2013-03-08 10:28:58 utc jmettraux great
2013-03-08 10:29:38 utc whitequark use RP. I'm working first and foremost on improving RP.
2013-03-08 10:30:32 utc jmettraux I'm using it here and there, I have to find time to move those bits and pieces to the latest and greatest RP
2013-03-08 10:31:13 utc jmettraux this roughness in the ride keeps my eyes open to alternatives
2013-03-08 10:31:34 utc whitequark well, ripper is far worse than RP anyway
2013-03-08 10:31:49 utc whitequark you could check out JRubyParser, as headius suggests
2013-03-08 10:32:58 utc jmettraux so you're joining the RP dev team?
2013-03-08 10:33:11 utc whitequark jmettraux: hell no. zenspider is a dick
2013-03-08 10:33:20 utc whitequark if he merges my changes, good
2013-03-08 10:33:25 utc whitequark if he doesn't, there will be a fork
2013-03-08 10:34:07 utc whitequark well, there will be a foundry-internal fork anyway, but that is only tangentially related
2013-03-08 10:34:13 utc whitequark (foundry = that language I'm developing)
2013-03-08 10:34:28 utc whitequark (it has to add type annotations, etc)

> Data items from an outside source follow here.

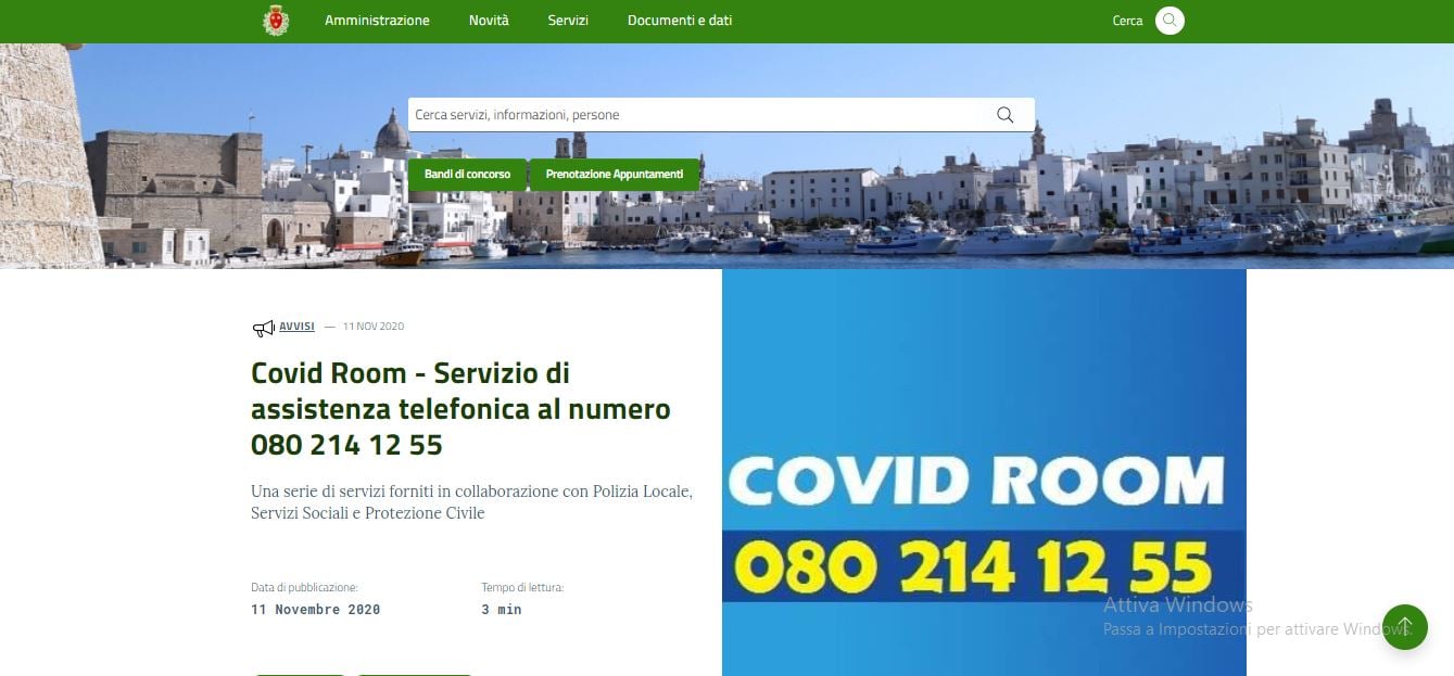 Sul sito web del Comune di Monopoli fa bella mostra di sé una nuova sezione dedicata al Coronavirus.
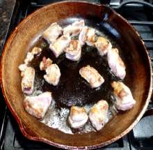 Выложить мясо в сковороду.
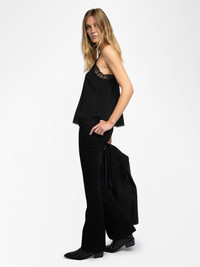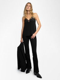 Women's silk camisole with lace trim. Description & details - Silk camisole - Contrast lace patterned collar - Thin adjustable straps Model is 180 cm / 5' 10" and is wearing a size S This item fits true to size. Choose your usual size. Composition 100% Silk Care - Hand-wash or machine-wash inside out in a mesh laundry bag on a 20°C delicate cycle with a maximum spin speed of 400 rpm - Air dry flat - Iron inside out at a maximum of 110°C Product code: WWCR01313_BLACK

2013-03-08 10:34:39 utc jmettraux gloomy ruby parsing landscape
2013-03-08 10:35:05 utc whitequark parsing is, well, ghetto
2013-03-08 10:35:12 utc whitequark at least you don't have to deal with C++
2013-03-08 10:35:30 utc whitequark a C++ compiler spends something like 70% of its time parsing the source
2013-03-08 10:35:36 utc whitequark *runtime
2013-03-08 10:45:31 utc jmettraux I hope you'll find the time to release and maintain your fork of ruby_parser
2013-03-08 10:48:57 utc whitequark jmettraux: that is likely, considering I'll finish it at all (I probably will)
2013-03-08 11:45:13 utc jmettraux whitequark: so, all being said, I wish you a good evening!
2013-03-08 11:46:54 utc whitequark jmettraux: thanks!